The phenomenon is similar to this: TiCDC reconnects TiKV blindly when region leader transfers · Issue #4761 · pingcap/tiflow · GitHub

| username: LingJin | Original post link

The time difference between the leader change and the owner change was 1 minute, so the correlation might not be significant. The previous owner node might have crashed due to other reasons.

After the owner crashes, a new owner will be automatically elected. The synchronization tasks on the previously crashed owner node will be automatically migrated to other surviving TiCDC nodes.

| username: db_user | Original post link

Migrating to other nodes is understandable, but at that time, the CPU and memory were at low levels, with no OOM occurrences or memory alarms, yet the CDC process crashed. It seems there is no reproducible method for the issue, and we can’t fully replicate the problem for now. I’m not sure if transferring the leader would achieve the same effect.

| username: LingJin | Original post link

From the provided materials, the reason for the owner switch is unclear. You can check the logs of the CDC owner node before the switch to see why it stepped down from the owner position.

The new owner was elected at 2022/11/20 12:32:11.153 +00:00. You can look at the logs of the old owner around 2 minutes before this time, or search for logs at the [ERROR] or [WARN] levels.

| username: db_user | Original post link

This is the CDC log before the switch, with a large number of drop resolved.
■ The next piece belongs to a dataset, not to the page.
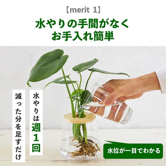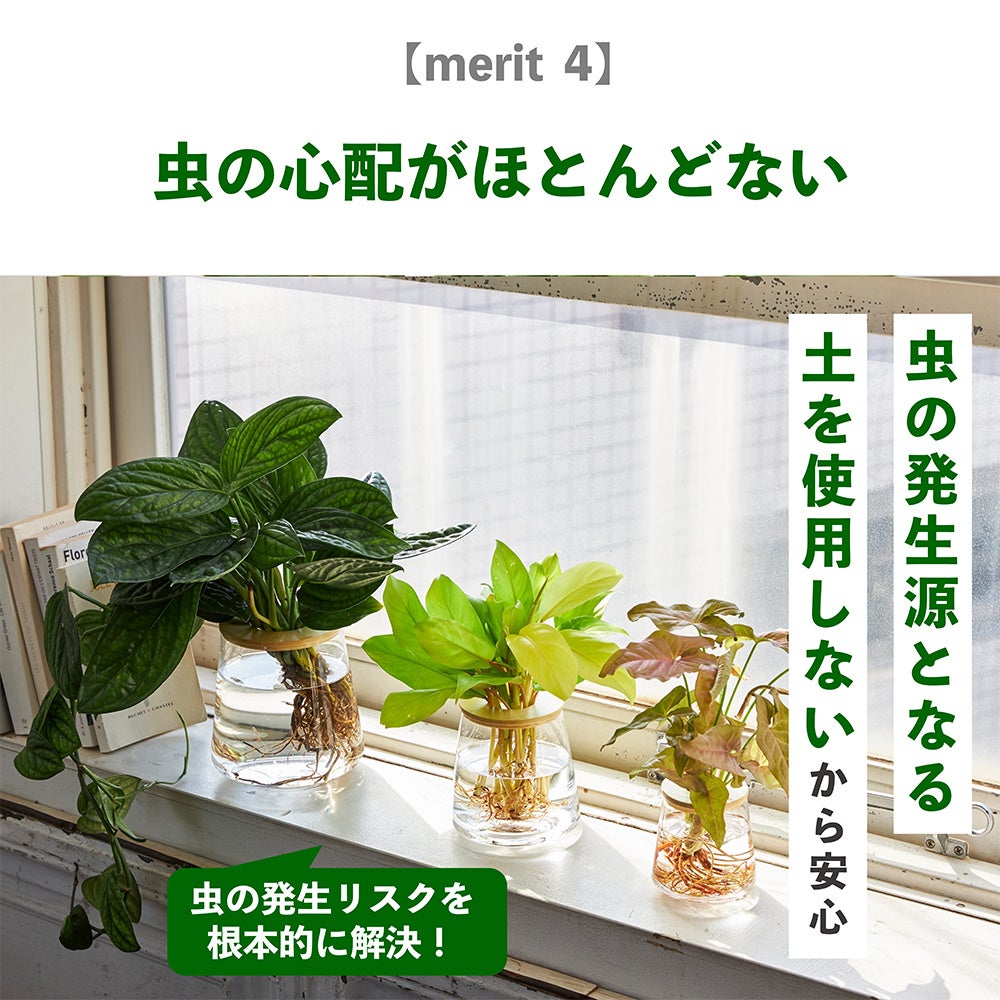 水やりは週1回、減った分を足すだけというシンプルなお手入れ方法や、土を使わないため虫の心配がなく清潔に保てること、どんな場所にも置ける手軽さなど、水耕栽培の魅力をわかりやすく紹介。初心者の方でも安心して植物を育てられる環境づくりを目指します。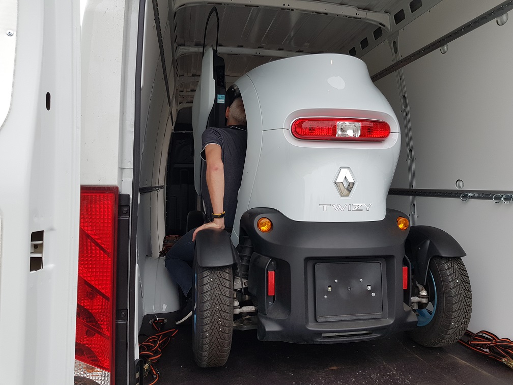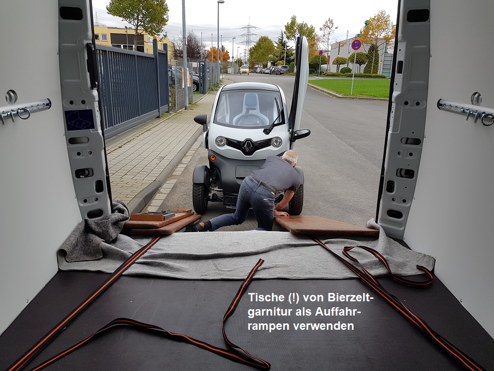 Ich hatte kürzlich den Twizy per Transporter (Europcar - VW Crafter gebucht, Iveco xx bekommen) abgeholt. Bierzeltgarnitur statt Auffahrrampen verwendet.

| username: LingJin | Original post link

This is not the root cause of the process exit.

We need to find the reason for the region feed stopped.

| username: db_user | Original post link

This is probably caused by the timestamp retrieval being too slow. If you remove the “region feed stopped,” you can see this information:


Then, below it seems to be a situation where the leader cannot be found due to transfer leader:

Boss, I checked the logs from 20 minutes before the CDC crashed and didn’t see any obvious error messages. Could you please help me see if there are any other troubleshooting methods?